-- Extracted entries --
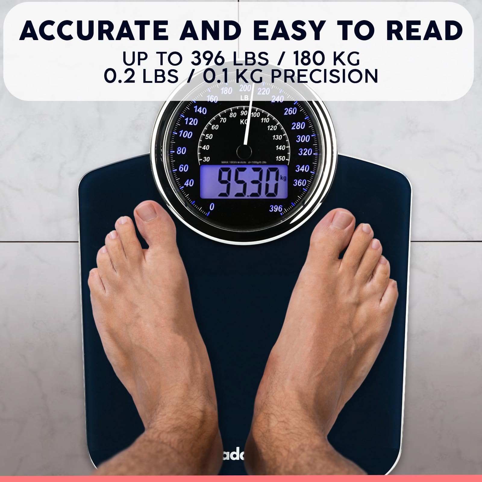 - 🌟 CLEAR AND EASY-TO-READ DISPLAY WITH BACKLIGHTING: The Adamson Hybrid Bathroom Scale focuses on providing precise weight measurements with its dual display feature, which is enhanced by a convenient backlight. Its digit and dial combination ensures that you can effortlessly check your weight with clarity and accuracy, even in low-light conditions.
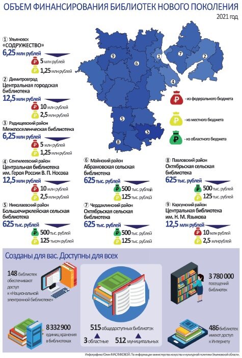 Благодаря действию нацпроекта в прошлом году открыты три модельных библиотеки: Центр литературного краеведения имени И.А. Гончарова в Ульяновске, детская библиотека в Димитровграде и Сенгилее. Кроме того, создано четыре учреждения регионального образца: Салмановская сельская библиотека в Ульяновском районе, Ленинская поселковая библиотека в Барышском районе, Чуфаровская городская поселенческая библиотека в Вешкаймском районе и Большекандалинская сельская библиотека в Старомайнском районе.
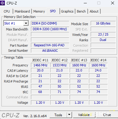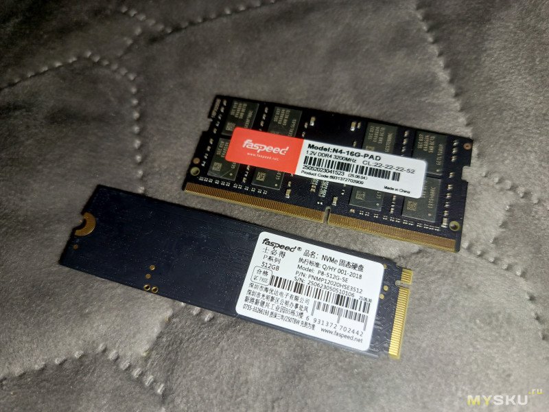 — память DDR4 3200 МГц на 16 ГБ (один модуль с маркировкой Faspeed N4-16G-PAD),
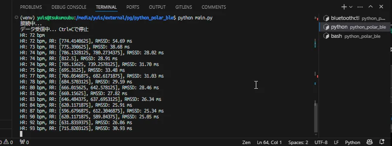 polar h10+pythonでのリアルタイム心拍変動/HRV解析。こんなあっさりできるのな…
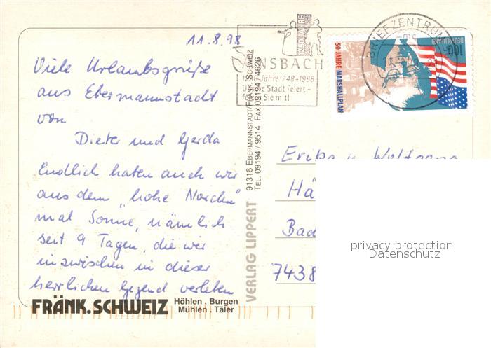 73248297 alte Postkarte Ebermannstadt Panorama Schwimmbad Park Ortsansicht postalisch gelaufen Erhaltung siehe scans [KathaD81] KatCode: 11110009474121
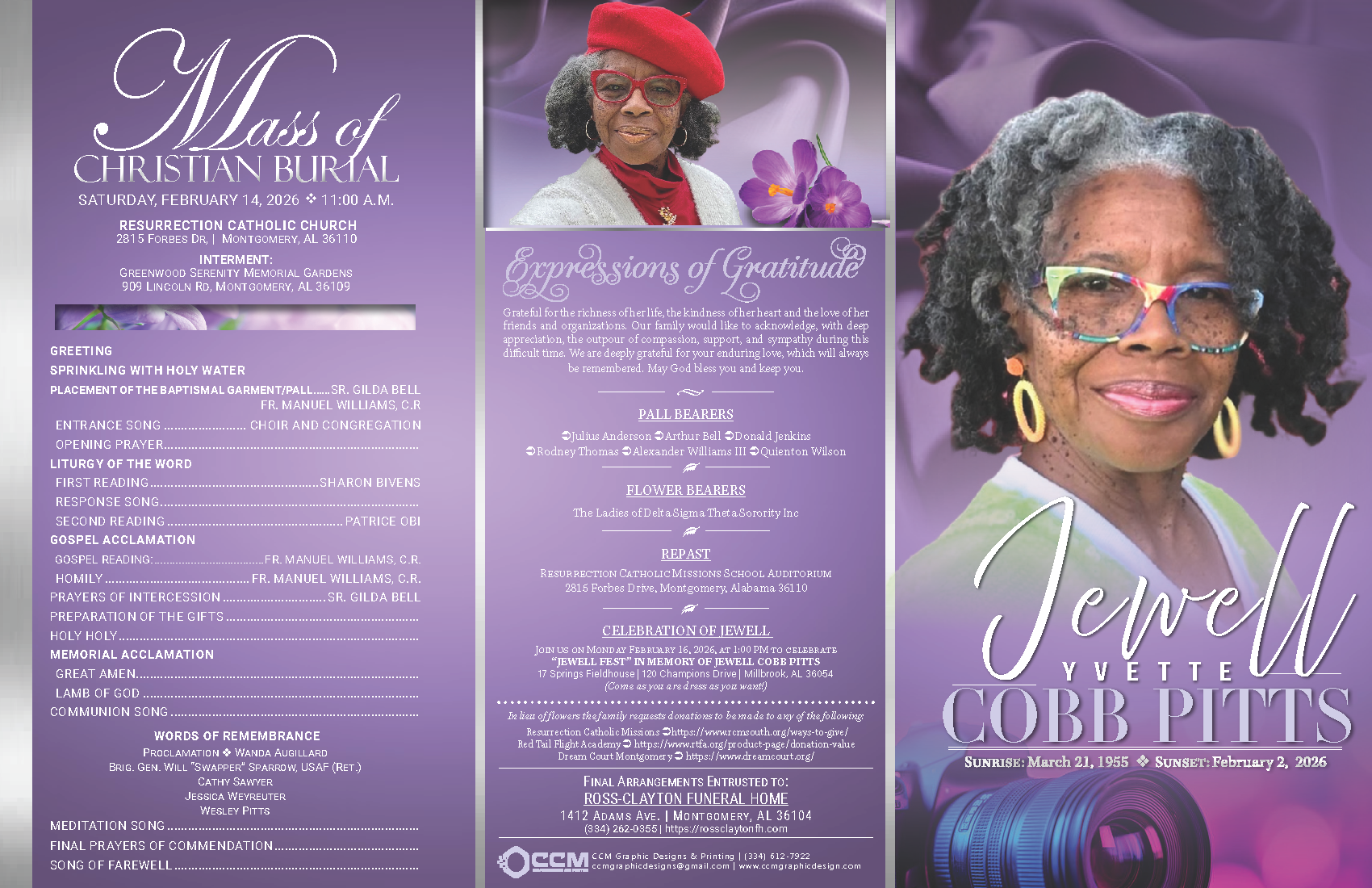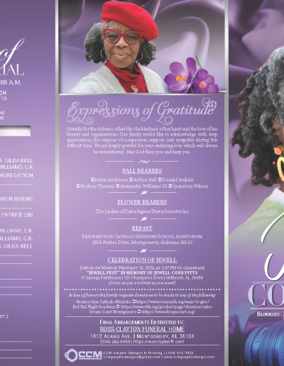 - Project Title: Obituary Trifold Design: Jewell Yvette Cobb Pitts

---

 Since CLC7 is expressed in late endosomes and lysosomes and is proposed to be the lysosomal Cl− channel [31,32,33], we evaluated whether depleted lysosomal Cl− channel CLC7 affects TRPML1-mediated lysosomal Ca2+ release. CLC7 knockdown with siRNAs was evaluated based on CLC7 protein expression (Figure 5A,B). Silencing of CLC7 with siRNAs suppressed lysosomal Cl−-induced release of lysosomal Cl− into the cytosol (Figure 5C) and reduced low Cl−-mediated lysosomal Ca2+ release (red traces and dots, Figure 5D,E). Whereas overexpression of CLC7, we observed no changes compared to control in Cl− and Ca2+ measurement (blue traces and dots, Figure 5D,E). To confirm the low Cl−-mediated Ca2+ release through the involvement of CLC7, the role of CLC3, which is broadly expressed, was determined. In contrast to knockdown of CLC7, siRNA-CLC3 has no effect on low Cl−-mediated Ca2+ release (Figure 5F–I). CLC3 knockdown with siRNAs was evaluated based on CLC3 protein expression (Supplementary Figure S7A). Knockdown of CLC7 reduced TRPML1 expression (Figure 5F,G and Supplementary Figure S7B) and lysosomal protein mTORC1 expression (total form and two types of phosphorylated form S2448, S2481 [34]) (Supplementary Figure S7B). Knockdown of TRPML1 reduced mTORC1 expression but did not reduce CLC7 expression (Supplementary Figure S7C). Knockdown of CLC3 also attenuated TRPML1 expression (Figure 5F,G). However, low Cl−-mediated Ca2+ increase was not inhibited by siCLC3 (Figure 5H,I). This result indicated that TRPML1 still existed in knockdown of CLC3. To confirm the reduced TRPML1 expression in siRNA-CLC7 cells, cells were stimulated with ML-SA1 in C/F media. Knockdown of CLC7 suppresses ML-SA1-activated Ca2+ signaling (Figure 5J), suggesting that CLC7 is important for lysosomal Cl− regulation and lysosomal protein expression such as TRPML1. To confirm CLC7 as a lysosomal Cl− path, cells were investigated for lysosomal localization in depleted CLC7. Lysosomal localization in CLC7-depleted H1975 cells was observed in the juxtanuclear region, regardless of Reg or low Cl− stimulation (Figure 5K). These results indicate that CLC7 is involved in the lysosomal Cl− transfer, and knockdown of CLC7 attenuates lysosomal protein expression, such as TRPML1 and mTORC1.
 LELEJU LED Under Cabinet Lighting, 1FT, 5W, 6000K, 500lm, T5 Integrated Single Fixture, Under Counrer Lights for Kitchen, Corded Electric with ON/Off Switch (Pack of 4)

...

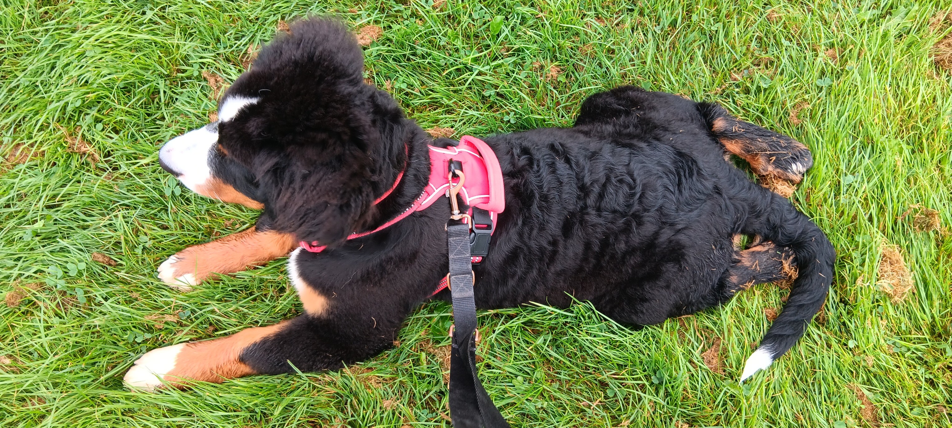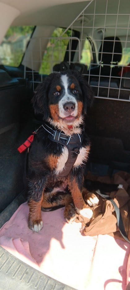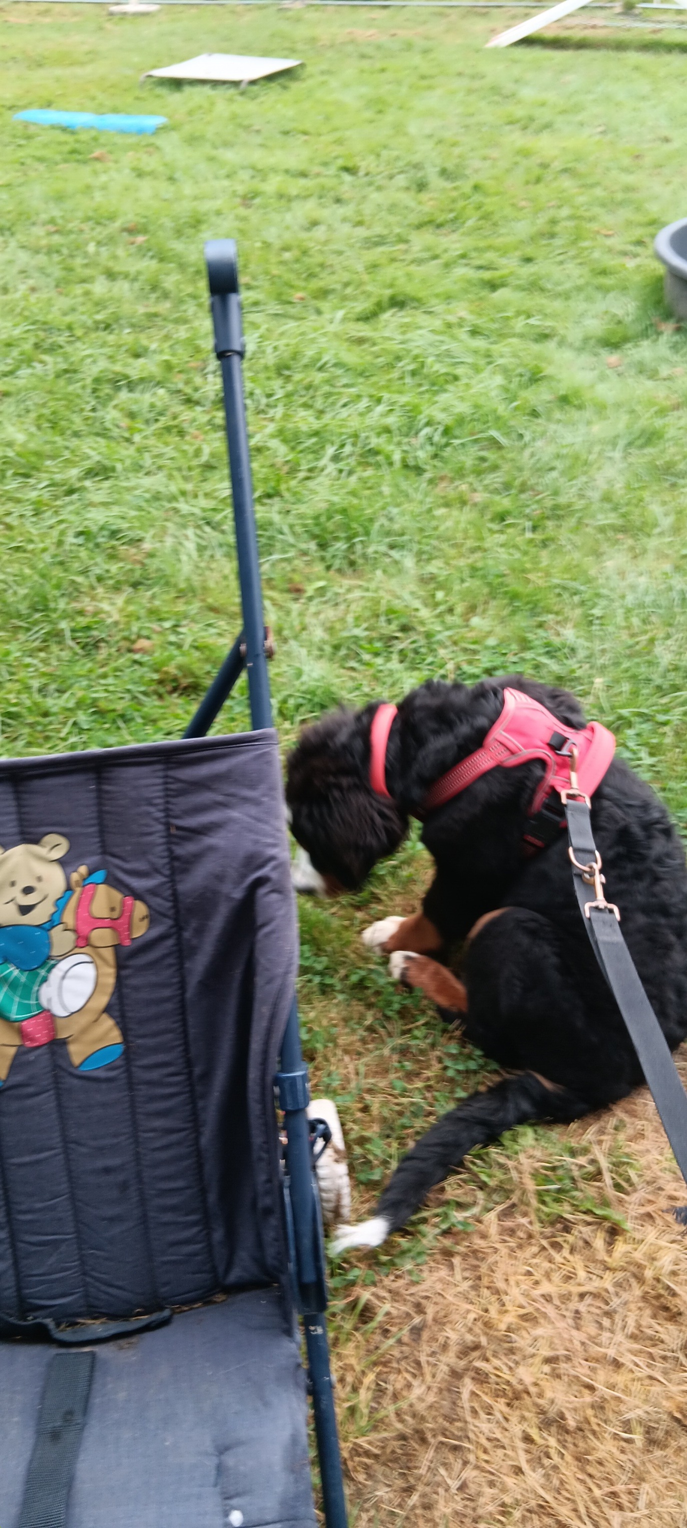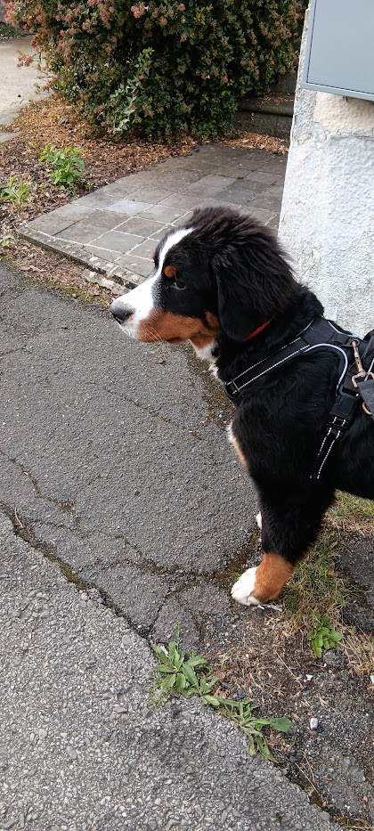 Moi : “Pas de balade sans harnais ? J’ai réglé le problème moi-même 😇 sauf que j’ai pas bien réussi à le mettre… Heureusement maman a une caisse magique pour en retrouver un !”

-- Task requirements --
Taking the material above, give again exactly the lines from the one holding "Благодаря действию нацпроекта" through the one holding "- Project Title: Obituary", with both ends and without pictures.

-- Result --
 Благодаря действию нацпроекта в прошлом году открыты три модельных библиотеки: Центр литературного краеведения имени И.А. Гончарова в Ульяновске, детская библиотека в Димитровграде и Сенгилее. Кроме того, создано четыре учреждения регионального образца: Салмановская сельская библиотека в Ульяновском районе, Ленинская поселковая библиотека в Барышском районе, Чуфаровская городская поселенческая библиотека в Вешкаймском районе и Большекандалинская сельская библиотека в Старомайнском районе.
 — память DDR4 3200 МГц на 16 ГБ (один модуль с маркировкой Faspeed N4-16G-PAD),
 polar h10+pythonでのリアルタイム心拍変動/HRV解析。こんなあっさりできるのな…
 73248297 alte Postkarte Ebermannstadt Panorama Schwimmbad Park Ortsansicht postalisch gelaufen Erhaltung siehe scans [KathaD81] KatCode: 11110009474121
 - Project Title: Obituary Trifold Design: Jewell Yvette Cobb Pitts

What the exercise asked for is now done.